Такова кара шутника на серьезные темы, такие как убийство. Ему почти всегда верят. Само упоминание о преднамеренной смерти вводит многих людей в торжественное настроение, которое враждебно остроумию, юмору и любому виду шутливости. Я встречал мужчин и женщин, например, которые были совершенно неспособны увидеть развлекательную сторону каннибализма. Баллада Гилберта о «Нэнси Ли» о коке, который постепенно съел всех остальных членов экипажа, побуждает их не к смеху, а к ужасу. Когда кок или кто-то другой, пожирая одного из своих товарищей, восторженно восклицает: «О, как похоже на свинину!», они лишь содрогаются. Те из нас, кто развлекается, с другой стороны, делают это только потому, что мы не такие закоренелые реалисты, как наши соседи. Мы относимся к комическим убийствам так, как Чарльз Лэм относился к комическим супружеским изменам. Мы рассматриваем их как происходящие не в нашем мире реальностей, а в своего рода «ничейной земле» юмора. Если бы это было не так, мы, вероятно, были бы так же шокированы, как и все остальные — те из нас, то есть, кто достаточно старомоден, чтобы считать убийство и прелюбодеяние в целом предосудительными. К счастью, люди в массе постепенно развили художественное чувство, которое позволяет им покидать мир серьезных фактов ради мира комических притворств в мгновение ока. И даже самый строгий гуманитарий может улыбнуться с чистой совестью самым отвратительным пыткам — «чему-то с кипящим маслом в нем», — обсуждаемым в бумажно-веерном мире «Микадо». Я могу представить, как чувствительного ребенка сильно беспокоят наказания, которые в одно время, кажется, ожидают так много персонажей в опере. Но для остальных из нас Япония Гилберта так же нереальна, как гнездо насекомых, где даже преступления кажутся забавными. Таким же образом мы сделали детской шуткой Синюю Бороду, чей прототип был, по крайней мере, таким же ужасным персонажем, как Джек Потрошитель. Возможно, на каком-то далеком острове Южных морей, где Европа достаточно удалена, чтобы быть нереальной, дети уже наслаждаются юмором Джека Потрошителя в местной замене рождественской пантомимы.

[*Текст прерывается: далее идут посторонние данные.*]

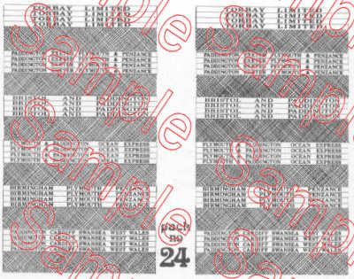 Coach boards are a must for any chartered railway service. These signs have a self adhesive backing so all you need to do is cut out the sign and stick it to a section of plastic either on the coach or separate.

Впрочем, даже настоящее убийство может показаться забавным, если в нем есть хоть что-то нелепое. Тысячи людей смеялись над убийством Хелен Аберкромби, совершенным Уэйнрайтом, и лишь один плакал — не потому, что это не было гнусным деянием, а потому, что убийца, когда его упрекнули в содеянном, произнес свой знаменитый ответ: «Да, это был ужасный поступок, но у нее были очень толстые лодыжки». Здесь именно несоответствие между поступком и оправданием обращается к нашему чувству юмора. Мы смеемся над этим так же, как смеялись бы над сатаной Мильтона, если бы увидели его в детской одежде. Точно так же, когда Пер Гюнт и Кок после кораблекрушения дерутся за место в безопасности на перевернутой шлюпке, и Пер, по сути, убивает Кока, ситуация становится комичной из-за несоответствия между тем, что говорится, и тем, что делается. Возьмем, к примеру, сцену с молитвой «Отче наш»:

Кок (соскальзывая): Я тону!

Пер (схватив его): За этот клок волос я тебя удержу; читай «Отче наш», живо!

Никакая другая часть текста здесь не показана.